Marco Rubio doesn’t think the U.S. needs a Department of Education, for familiar reasons. As the Florida senator and GOP presidential candidate said at a campaign stop in Nevada last week:
What starts out as a suggestion ends up being, “If you want money from us, you must to do it this way,” and you will end up with a version of a national school board. We don’t need a national school board.
At the same stop, he doubled down on his rejection of Common Core standards yet again, saying that he believed in “curriculum reform,” but only if it happened at the state and local level.

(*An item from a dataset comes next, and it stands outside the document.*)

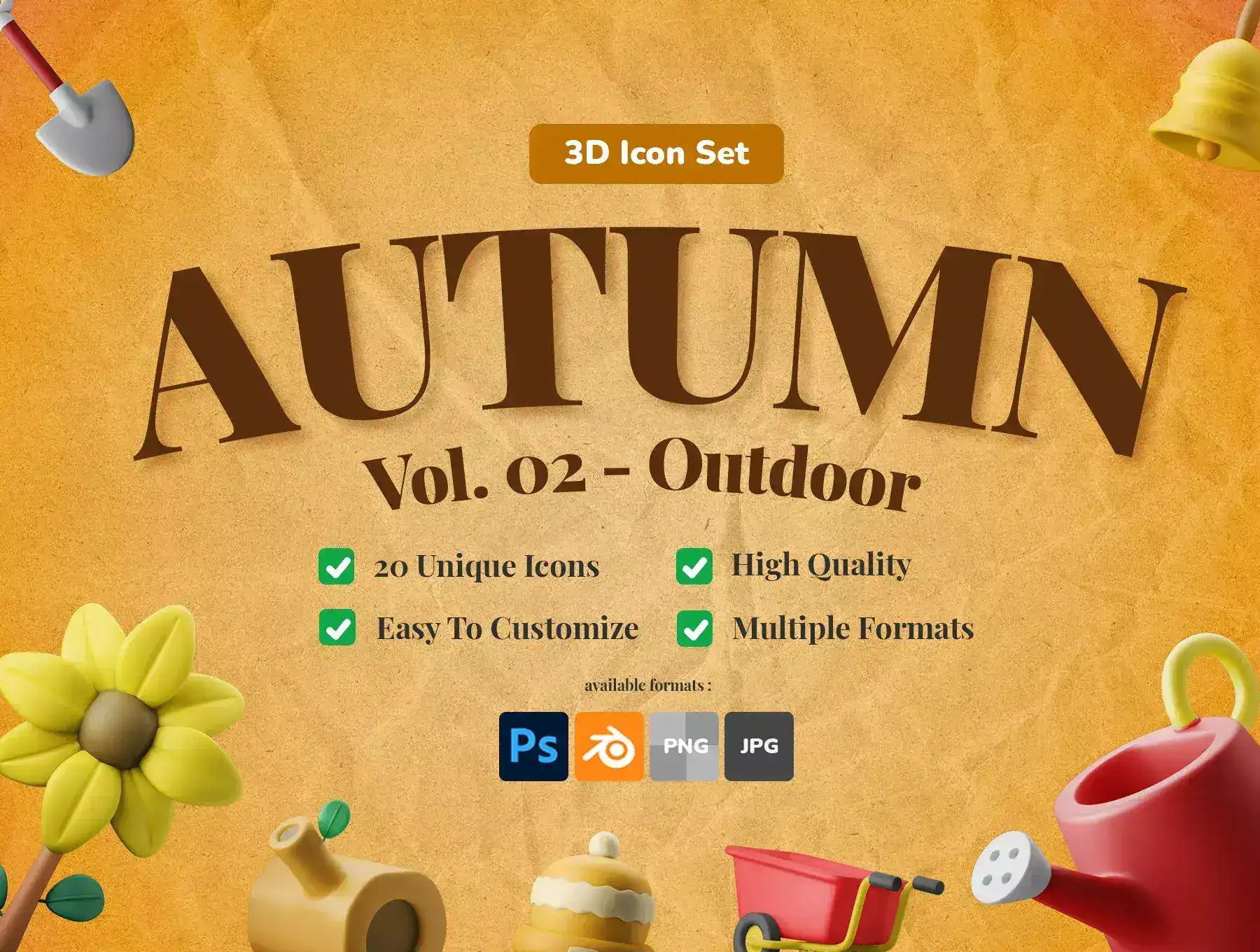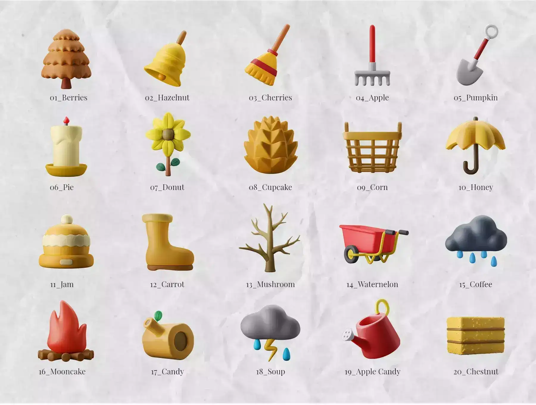 Design your autumn outdoor theme project and make it stand out from the rest with this 3d icon illustration set. You'll get 20 high quality and well made autumn outdoor theme 3d icons, available in Editable Photoshop Files, 3D Blender, PNG Transparent, and JPG White Background.

Did Rubio offer any less vague alternatives to Common Core? Well, a few days later, at a visit to a startup incubator in Chattanooga, Tennessee, Rubio praised the pedagogical value of the online game Minecraft while pitching himself as the candidate who understood the delicate intersection of traditional and new economies. Rubio said at the event:
If you play Minecraft, you’re basically writing code when you’re converting a hammer into a pickax. Kids might not realize they’re coding, but that’s going to be almost a basic proficiency just because of the way they grew up.
At 44, Sen. Rubio is (with apologies to Deez Nuts) the youngest serious presidential candidate, so he speaks with authority on the necessary computer skills that will prepare kids for the future. He also digs Uber, hip-hop, and Netflix.